Several limitations associated with the present study warrant mention. First, it was performed in a single institution. Second, the initiation and discontinuation of GLM were determined by the rheumatologist for each patient; there were no established guidelines for discontinuation of GLM. To more extensively characterize GLM survival rates, a multicenter study with a fixed protocol is needed.

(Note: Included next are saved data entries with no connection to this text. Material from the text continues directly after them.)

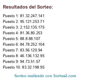 Este sorteo ha sido certificado por Sortea2. Sortea2 garantiza que:
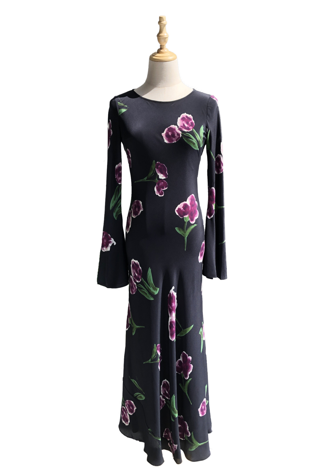 斜裁喇叭袖落地长裙
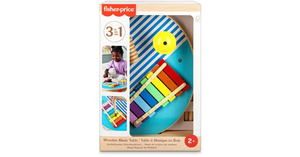 Der Holz-Musiktisch von Fisher-Price vereint 3 Percussion-Instrumente zu einem lustigen Musikspielzeug für Kleinkinder. Kinder können mit den Hämmern zum Spielen des Xylophons, des Beckens und des Guiros ihren Rhythmus finden und ihre Feinmotorik trainieren. Dieses aus Holz aus nachhaltiger, FSC-zertifizierter Waldwirtschaft hergestellte Spielzeug regt die Kreativität an und führt Kinder auf lustige, spannende Weise an Musik heran.
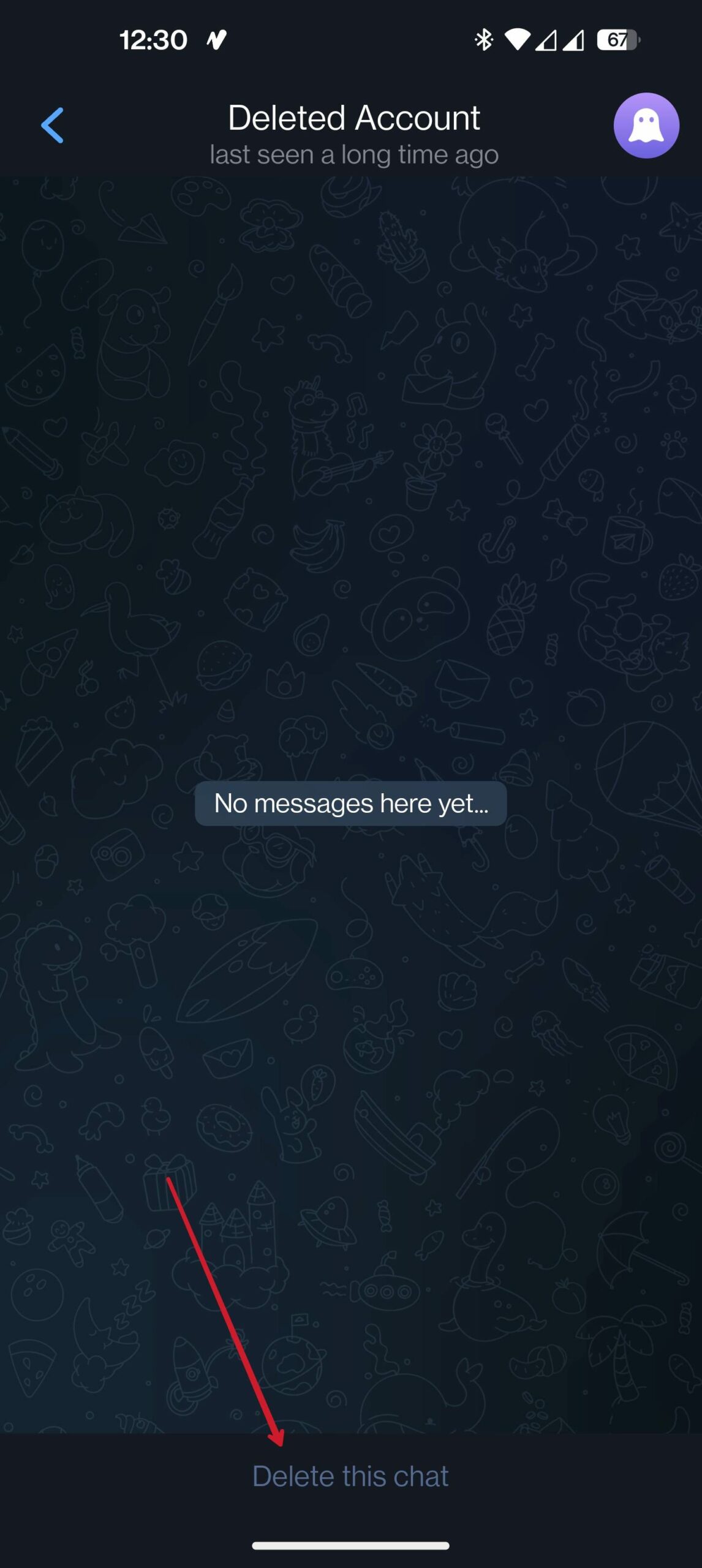 또한, 누군가 텔레그램 계정을 삭제한 경우에는 그 사람에게 어떤 메시지도 보낼 수 없습니다. 그러나 계정이 아닌 앱만 삭제한 경우에는 아무런 문제 없이 메시지를 보낼 수 있습니다. 또한, 비활성화된 계정의 경우 하단 채팅바 대신 채팅 삭제 옵션이 제공됩니다. 이것 역시 계정이 삭제되었음을 확인합니다.
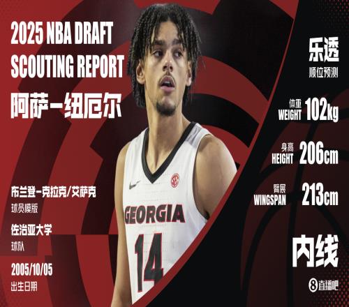 体育资讯6月26日报道宣称 NBA选秀大会,老鹰在首轮第23顺位选中了阿萨-纽厄尔。

In our study, GLM was effective for both younger and elderly patients, regardless of concurrent MTX treatment. Okazaki et al. previously reported the GLM survival rate in patients ≥75 years old with RA (16), but their observation period was limited to 24 weeks. To our knowledge, our study is the first investigation of the 52-week GLM survival rate in patients ≥75 years old with RA. Our findings affirm the use of GLM in elderly patients, regardless of MTX status. In the European League Against Rheumatism guideline (7), patients with RA who cannot receive MTX are recommended to undergo IL-6 inhibitor treatment, instead of tumor necrosis factor inhibitor treatment. Our results indicate that GLM can serve as an alternative option for elderly patients with RA who cannot receive MTX.

Author's disclosure of potential Conflicts of Interest (COI).

Satoshi Ito: Honoraria, Mitsubishi Tanabe Pharma and Janssen Pharmaceutical.